Descriptive regression

The standard setup is $(X_i, Y_i)$ are i.i.d. pairs. Components are dependent but the pairs are independent

When conditioning on our data $X$, our model becomes a lot more sensical because we can use prediction based on our current data.
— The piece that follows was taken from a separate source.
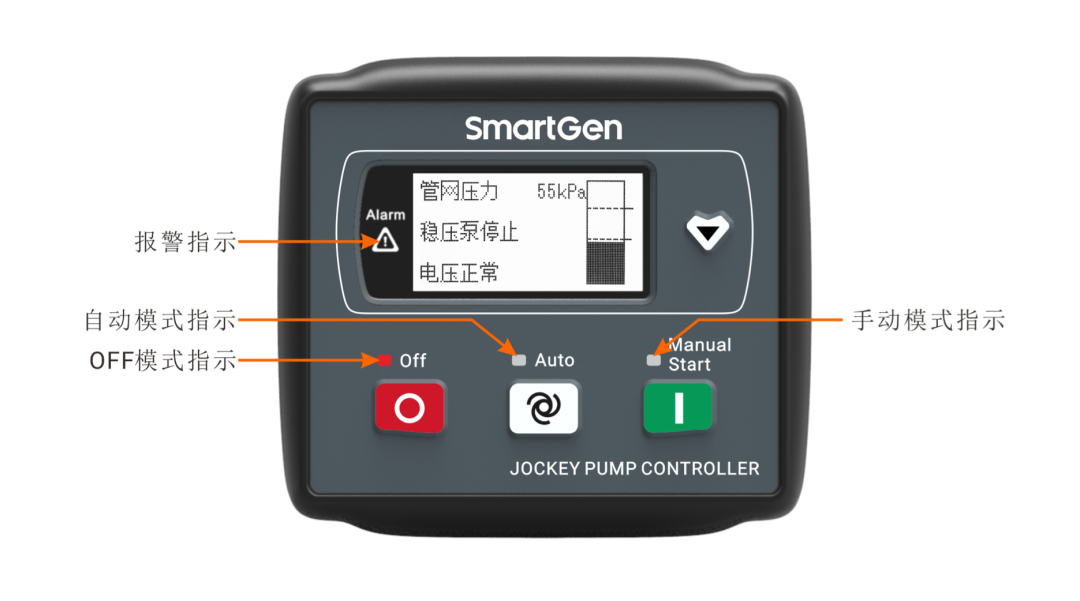 ——LCD可直观显示当前管网压力值、累计运行时间、泵起动次数、交流电源状态、报警状态;

Getting the joint distribution of $Y$ is usually unhelpful.

Note some “non-math” counterintuitive results
- If we have $y = \theta x$, we cannot necessary infer $x = \theta^{-1} y$
- More on this in HW 6!

Let error $U = Y - \mathbb{E}[Y \mid X] = Y - \theta X$

We can never observe the error $Y - \theta X$ b/c $\theta$ is an estimand
We usually model or estimate the error using the residuals $Y - \hat\theta X$
Do not confuse errors and residuals!
- This results in category error

Method of moments estimator

We can use Adam’s law to get $\mathbb{E} [U]$ as

\[\begin{aligned} \mathbb E[U] &= \mathbb E[ \mathbb E[U | X]] \\ &= \mathbb E [\mathbb E[Y | X] - \theta X]] \\ &= \mathbb E[0] = 0. \end{aligned}\]

We also have

\[\begin{aligned} UX &= XY - \theta X^2 \\ &\to \mathbb E[UX] = \mathbb E[XY] - \theta \mathbb E[X^2]\\ \mathbb E[UX] &= \mathbb E[\mathbb E[UX | X]] \\ &= \mathbb E[X 0] = 0, \end{aligned}\]

which implies

\[\theta = \frac{\mathbb E[XY]}{\mathbb E[X^2]}\]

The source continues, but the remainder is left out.